PhD Defense : Tom Benest

PhD defence entitled “Study of the composition of the protosolar nebula and its role on the formation of giant planets and Galilean moons”. The defence will take place on Monday December 1st at 2 p.m in the LAM amphitheater, and will be in english. Please find the abstract and the jury composition below.

Members of the jury :

Nicolas ANDRÉ (SUPAERO, Toulouse) – Reviewer
Stéphanie CAZAUX (Delft University of Technology) – Riviewer
Tristan GUILLOT (LAGRANGE, Observatoire de la Côte d’Azur, Nice) – President
Valéry LAINEY (Laboratoire Temps Espace, Observatoire de Paris) – Examiner
Pierre VERNAZZA (LAM, AMU) – Examiner
Kevin BAILLIÉ (Laboratoire Temps Espace, Observatoire de Paris) – Invited member
Olivier MOUSIS (LAM, AMU) – Supervisor

Abstract :

This thesis explores the formation of the giant planets of the Solar System and their moons by studying the composition of the protosolar nebula (PSN). The potential of icy moons as environments favorable to life is another major motivation for this work. The building blocks that form the planets and moons reflect the region of the PSN where they formed. Therefore, comparing the measured composition of the planets and moons with the calculated composition of the PSN can constrain the conditions under which they formed. Complex organic molecules (COMs), which are considered essential ingredients for life, have been detected in comets and icy moons. Understanding their formation in the PSN and their presence in the Galilean moons is crucial. The D/H ratio is also an important tool for studying planet formation. This thesis uses a model that calculates the evolution of the PSN’s composition, coupled with a Lagrangian particle transport model, to constrain the formation conditions and composition of giant planets and moons.

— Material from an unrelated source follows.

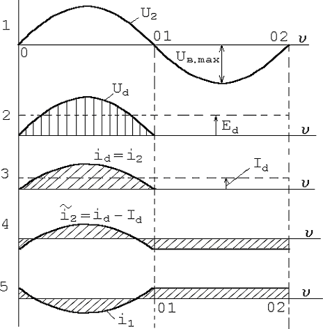 Кривые выпрямленного тока и напряжения представляют собой полусинусоиды (рис.2), поэтому схема называется однополупериодной.
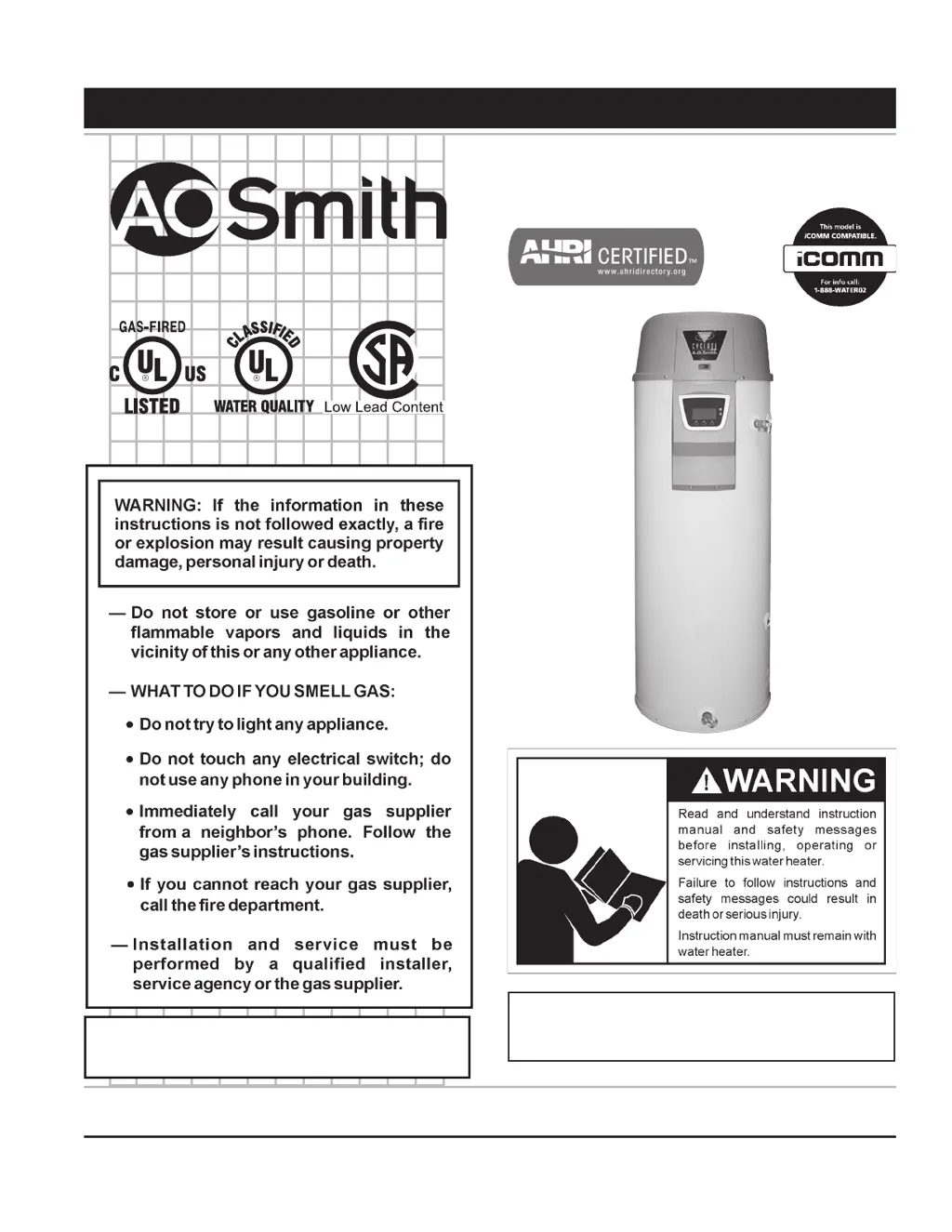 If your A.O. Smith Water Heater's control system isn't working, start by checking the on/off switch to ensure it's in the "on" position and working. If your model uses a standard appliance cord, make sure it's plugged into a 120 VAC outlet. Then, check the circuit breaker and fuses. If you're still having issues, verify there's 120 VAC at the wall outlet and that 120 VAC is supplied to CCB’s J3 Socket pins 1 & 3 (hot wire to pin 1, neutral wire to pin 3). If no 24 VAC is present, consider replacing the transformer. Inspect the communication ports on the CCB and UIM for any signs of damage. Finally, try replacing the UIM communication cable with a standard Cat 5 network cable.

This thesis explores the internal structure of Uranus, examining its D/H ratio and atmospheric composition. It considers the possibility of an internal composition not dominated by water ice and discusses avenues for compositions including other trace species or rocks. The results show that the interior of Uranus may have a more varied composition or a higher proportion of rocks.

Additionally, this thesis studies the formation of COMs in the PSN and their transport to Jupiter’s circumplanetary disk. One motivation for this thesis is their role in the composition of the Galilean moons.
The results show that the formation of such molecules in the PSN is likely and that they could be present in the Galilean moons. These results demonstrate that COM formation is linked to the origin of life in the universe. This topic is also part of the broader study of Jupiter’s Galilean moons. The future JUICE and Europa Clipper missions should provide new insights into the moons’ composition.